I am working on restoring a vintage amp (a Heathkit, relevant schematic shown below). I believe I shorted Q707L collector to ground (silicon heatsink pads = bad, lesson learned, stick with mica). Q707L of course was bad, R741 literally burned up, as did Q709L so I replaced those components. I also replaced Q706L as it seemed to not be testing good. All of the surrounding components seem to be testing good, including the diodes, resistors, and other transistors like Q705 and Q703, as well as Q704 and Q708. I get sound at a decent volume from the channel but it is a bit distorted and phases in and out a little bit. Putting the other channel in place sounds good so I do not think it is the preamp section or anything upstream. I've exceeded my ability to interpret the circuit to diagnose the symptoms the channel is exhibiting - any thoughts on what could be suspect that would cause the amp to distort but not be dead? I appreciate any thoughts!
Through the decades, a tech needing to replace a bad output transistor ALWAYS replaces both outputs preferably in a matched set.
And along with that for good measure, both resistors coupling them together, in this case the .33 ohms.
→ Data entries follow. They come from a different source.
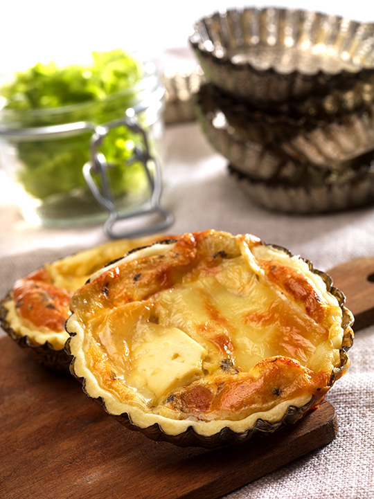 ④• Déposez votre mélange oignon/lardons dans le fonds de tarte puis les tranches de Chaource.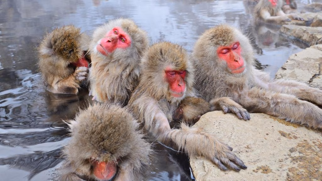 8. See the bathing snow monkeys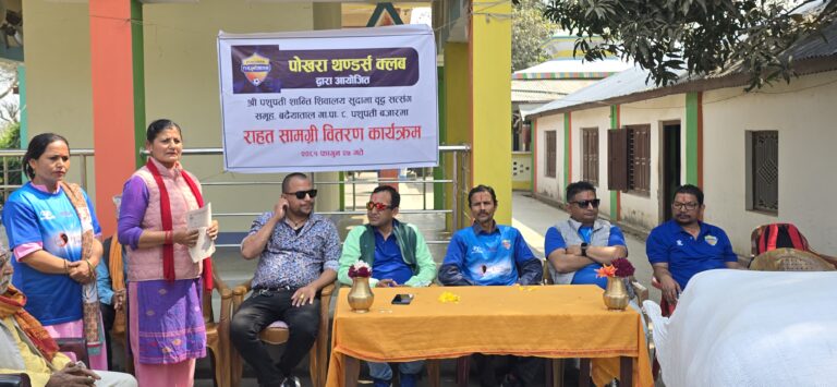 ज्योति पन्थी बर्दिया । पोखरा थन्डर्स क्लबले बर्दिया जिल्लाको बढैयाताल गाउँपालिका वडा नं ८ मा रहेको पशुपति शान्ति शिवालय सुधामा वृद्ध सत्संग समूहलाई राहत

There should be NO voltage to ground at idle, maybe a few millivolts only.
Not having the amp on my bench, it's got to be troubleshot, comparing idle voltages from the other side.
And/or an o'scope used to check the sine waves from out to input.
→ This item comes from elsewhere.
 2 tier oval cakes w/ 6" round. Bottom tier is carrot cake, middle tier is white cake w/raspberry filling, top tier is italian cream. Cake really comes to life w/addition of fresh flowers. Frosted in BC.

And along with that for good measure, both resistors coupling them together, in this case the .33 ohms.
There should be NO voltage to ground at idle, maybe a few millivolts only.
Not having the amp on my bench, it's got to be troubleshot, comparing idle voltages from the other side.
And/or an o'scope used to check the sine waves from out to input.
Thanks guys. I will recheck the .33 ohm resistors and start doing some voltage checks tomorrow. My fear was to not leave it powered on for too long if something was still wrong but hopefully I’ve passed the smoke test at this point.
Silicon washers aren't bad at all. I've been using them for 16 years, as I prefer them to mica plus that silicon grease muck, but they are more subject to being punctured by tiny bits of metal. You have to be scrupulously clean when fitting them.
I took the coupling resistors out of the circuit to measure and one is indeed bad. I’ll have to get that on order then can reevaluate.